Дорогая шитая золотом драпировка, в которую закутан был старик, была обычная драпировка Ордена: все рыцари облачались как во время отправления культа, так и в быту, в драпировки, подобные тем, которые носили женщины лаяр. Отличие рыцарской драпировки от женской заключалось в том, что руки рыцарей не были обнажены — они бывали скрыты длинными широкими рукавами. На ногах у магистра, вместо обычных у лаяр летних сложно переплетённых доходящими до колен ремешками сандалий, красовались своеобразные шитые золотом домашние туфли с острыми загнутыми кверху носами.


Все манеры и повадки магистра были мелки, суетливы, он как будто жиденько подсмеивались над Солнечными Богинями и собеседником.

Магистр Кирф был дрянь.

С тех пор, как Белир употреблял жевательную смесь ангов, с ним случались внезапные «вспышки сознания», во время которых он видел скрытую суть человека. Основным побуждением магистра, понял Белир во время одной из таких «вспышек», было доказать себе и собеседнику, что собеседник — такое же подлое, трусливое ничтожество, каким был сам магистр. Магистр боялся всего: перипетий по служебной линии, некомфортного существования, смерти. Рыцарей Ордена он приближал к себе на основе шантажа. Магистр окружал себя только теми рыцарями, которые обладали тайными пороками. О тайных пороках своих приближённых магистр был осведомлён, этой-то своей осведомлённостью он их и шантажировал.

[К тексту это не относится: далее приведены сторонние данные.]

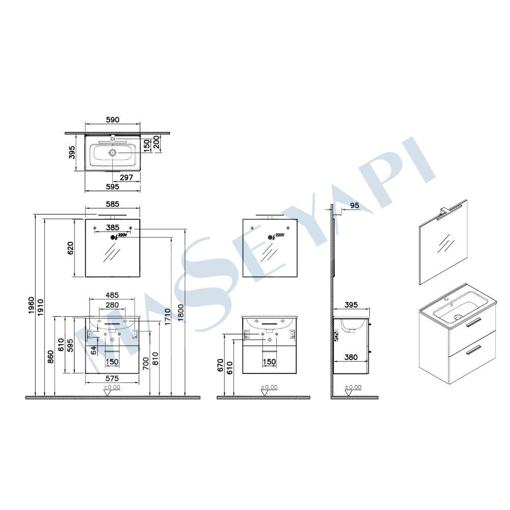 SET, lavabo dolabı, 7461L003- 0002 seramik lavabo, düz ayna ve LED aydınlatmadan oluşmaktadır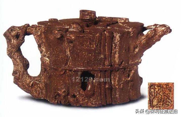 47,清陈鸣远制松段紫砂壶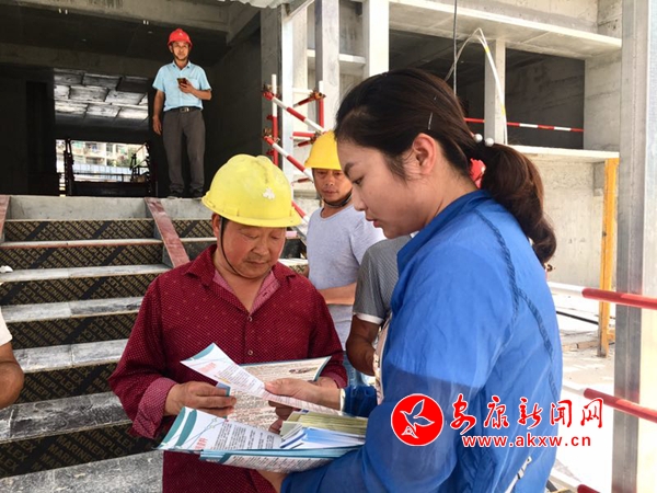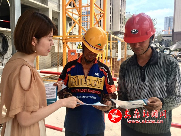 在高新區(qū)部分建筑工地,安康市和漢濱區(qū)人社部門通過擺放咨詢臺、放置展板、發(fā)放印制的宣傳資料、現(xiàn)場答疑等形式,對《社會保險法》《工傷保險條例》在維護職工權(quán)益方面的重要意義、工傷保險參保繳費政策、工傷認定申辦程序以及工傷保險待遇等方面進行宣傳。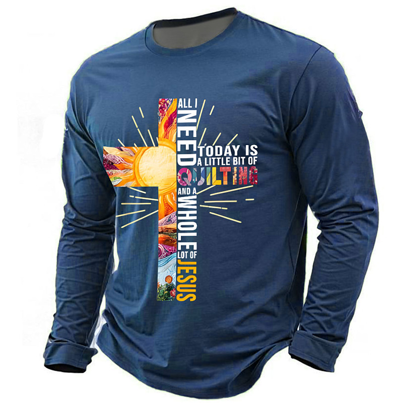 Men's Jesus Faith Christian T Shirt Long Sleeve T shirt 3D Print Crew Neck Shirt Fashion Daily Basic Street Casual Daily Black Red Blue Summer Spring Clothing Apparel S M L XL XXL XXXL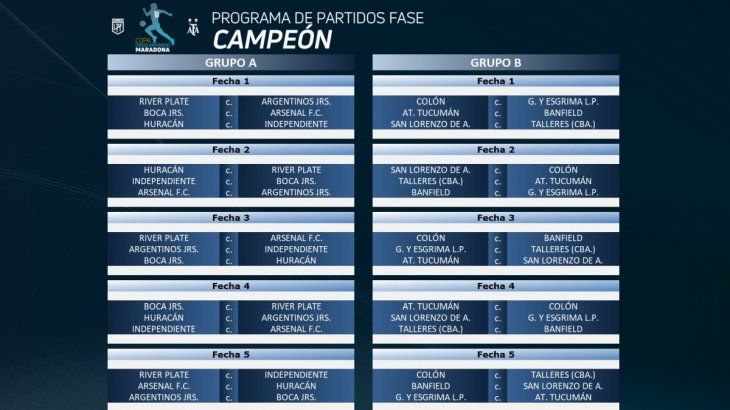 Fixture de la fase Campeón de la Copa Diego Maradona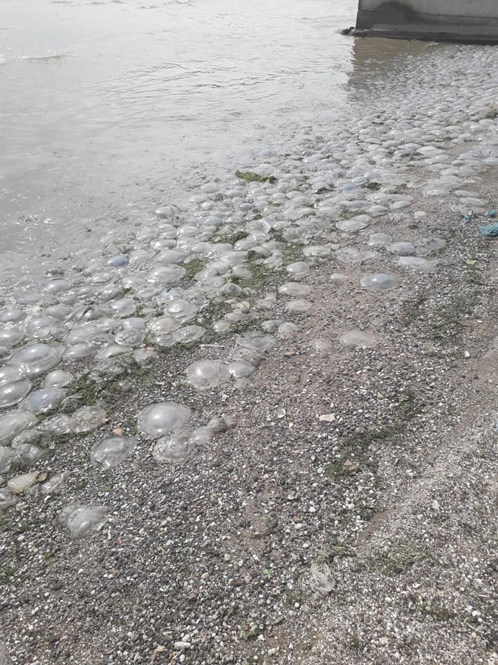Один з маріупольських пляжів заполонили медузи. Узбережжя Лівобережного району вкрилося прозорими тілами, наче килимом.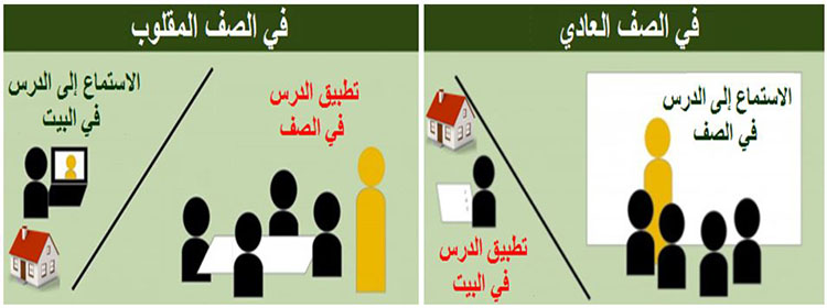 أما الصفوف المعكوسة (المقلوبة) فتقوم على قلب نظام التعلم التقليدي، فبعد أن كان الطالب يستمع إلى الدرس في الصف ويجيب على الأسئلة في البيت سيستمع إلى الدرس في البيت من خلال فيديو مرئي “يسجله المعلم ويشرح فيه الدرس المقرر ويستعين فيه بكل الوسائل التقنية السمعية والبصرية المتاحة لتوضيح الدرس للطلاب وجذبهم إليه. أما في الصف الدراسي فسيقوم الطالب بتطبيق كل ما تعلمه في البيت عمليا أمام معلمه من خلال عدد من الأنشطة والفعاليات المختلفة“ [1]، فتحول بذلك دور المعلم في الصف من ملقن إلى موجه ومساعد ومحفز للطلاب يشرف على سير الأنشطة ويقدم الدعم لمن يحتاج إليه، و”يتمكن المعلم من قضاء مزيد من الوقت في التفاعل مع طلابه داخل الصف بدلاً من إلقاء المحاضرات“[2]، أما الطالب فأصبح المحور الرئيسي في عملية التعلم وتحول إلى باحث و مستخدم للتقنية بفاعلية من خلال التعلم خارج الفصول الدراسية معززًا التفكير الناقد والتعلم الذاتي وبناء الخبرة ومهارات التواصل والتعاون بينه وبين بقية الطلاب.

С покинувшим резиденцию магистра Белиром снова произошла «вспышка сознания». Во время этой вспышки Белир очень ясно, зримо увидел, как чёрный песок восточных пустынь врывается волнами в княжество, заметает внутренний двор резиденции, фонтан, саму резиденцию и паука-магистра. Белир встряхнул головой; видение пропало.

Трусость, подлость магистра вызывала у Белира эстетическое отвращение. Магистр представлялся Белиру чудовищем из параллельного мира, каким-то гротескным, не существующим в реальности образом. Что-то было об этом в поэзии Ривена… О людях-демонах, утративших человеческих образ и превратившихся в зловещую карикатуру на самих себя.

Эли и его последователи анги не были для Белира такими демонами. Бог мрака и смерти Эли своими мрачными, требующими от Посвящённых невозмутимости и стойкости обрядами как будто срывал с дневного мира уродливые покровы, возвращая всё в первозданный Хаос. Вернувшись в Хаос, в древнее противостояние Хаоса и человека, Смерти и человека, можно было начать всё с чистого листа. Можно было начать мечтать, добиваться, воевать. Жевательной смесью ангов и вызываемым ею трансом Белир гнал изо рта привкус чего-то гнилостного, распространяемого вокруг себя магистром Кирфом и его рыцарями, гнал из сознания мерещившиеся ему после аудиенций у магистра мелкое, идиотическое подхихикиванье.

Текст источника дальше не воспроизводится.